The U.S. Department of Health and Human Services (HHS) has issued an interim final rule with request for comments to strengthen its enforcement of the rules promulgated under the modified version of HIPAA.
The Health IT for Economic and Clinical Health (HITECH) Act, which was enacted as part of the American Recovery and Reinvestment Act (ARRA) of 2009, modified the HHS Secretary’s authority to impose civil money penalties for violations occurring after Feb. 18. According to the agency, the HITECH Act revisions “significantly increase” the penalty amounts the HHS secretary may impose for violations of the HIPAA rules and encourage prompt corrective action.
Prior to the HITECH Act, the HHS Secretary could not impose a penalty of more than $100 for each violation or $25,000 for all identical violations of the same provision. A covered healthcare provider, health plan or clearinghouse could also bar the HHS Secretary’s imposition of a civil money penalty by demonstrating that it did not know that it violated the HIPAA rules.

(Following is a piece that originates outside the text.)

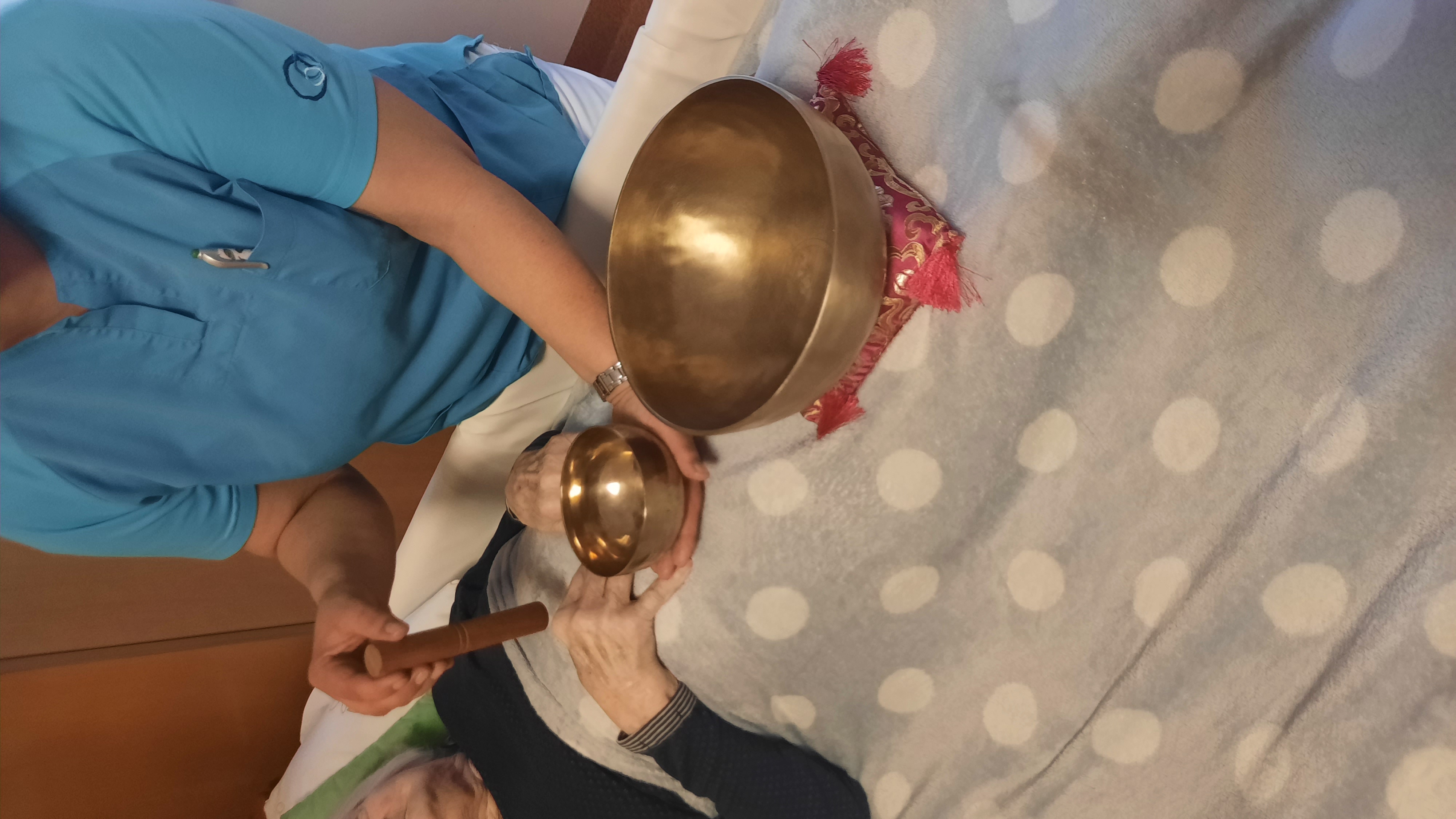 Die Pflegeassistentin des SeneCura Sozialzentrums Feldbachs, Maria Edelsbrunner, ist ausgebildete Klangschalentherapeutin und gestaltete kürzlich eine Einheit für die Bewohner:innen des Hauses. Ziel der Klangschalentherapie ist das Erreichen eines Entspannungszustands sowie eine erhöhte Konzentration. Zudem sollen emotionale Blockaden und Verspannungen durch die Therapie gelöst werden. Der Klang kann mit seiner Vibration für geistiges und emotionales Wohlbefinden sorgen.
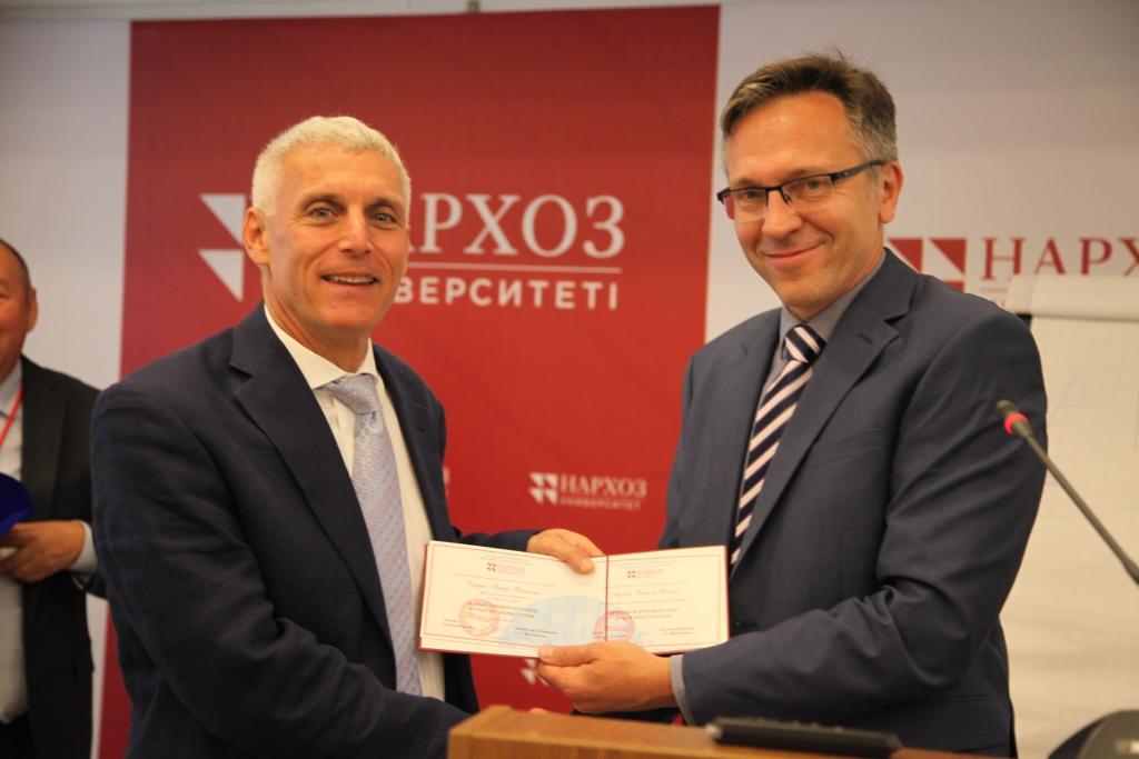 23 сентября Кшиштоф Рыбиньски, ректор Университета Нархоз (Казахстан), вручил Эндрю Вахтелю, президенту АУЦА, диплом «Почетного профессора Университета Нархоз» города Алматы. На церемонии вручения доктор политических наук и профессор Университета Нархоз, Адиль Джунусов надел на Эндрю Вахтеля казахский национальный чапан и головной убор.

Now, section 13410(d) of the HITECH Act has strengthened the civil money penalty scheme by establishing tiered ranges of increasing minimum penalty amounts, with a maximum penalty of $1.5 million for all violations of an identical provision, according to HHS. A covered entity can no longer bar the imposition of a civil money penalty for an unknown violation unless it corrects the violation within 30 days of discovery.
The interim final rule will help conform the HIPAA enforcement regulations to these revisions made by the HITECH Act. It will become effective on Nov. 30, and HHS will consider all comments received by Dec. 29.
“The department’s implementation of these HITECH Act enforcement provisions will strengthen the HIPAA protections and rights related to an individual’s health information,” said Georgina Verdugo, the director of HHS Office for Civil Rights, which is responsible for administering and enforcing HIPAA’s privacy, security and breach notification rules.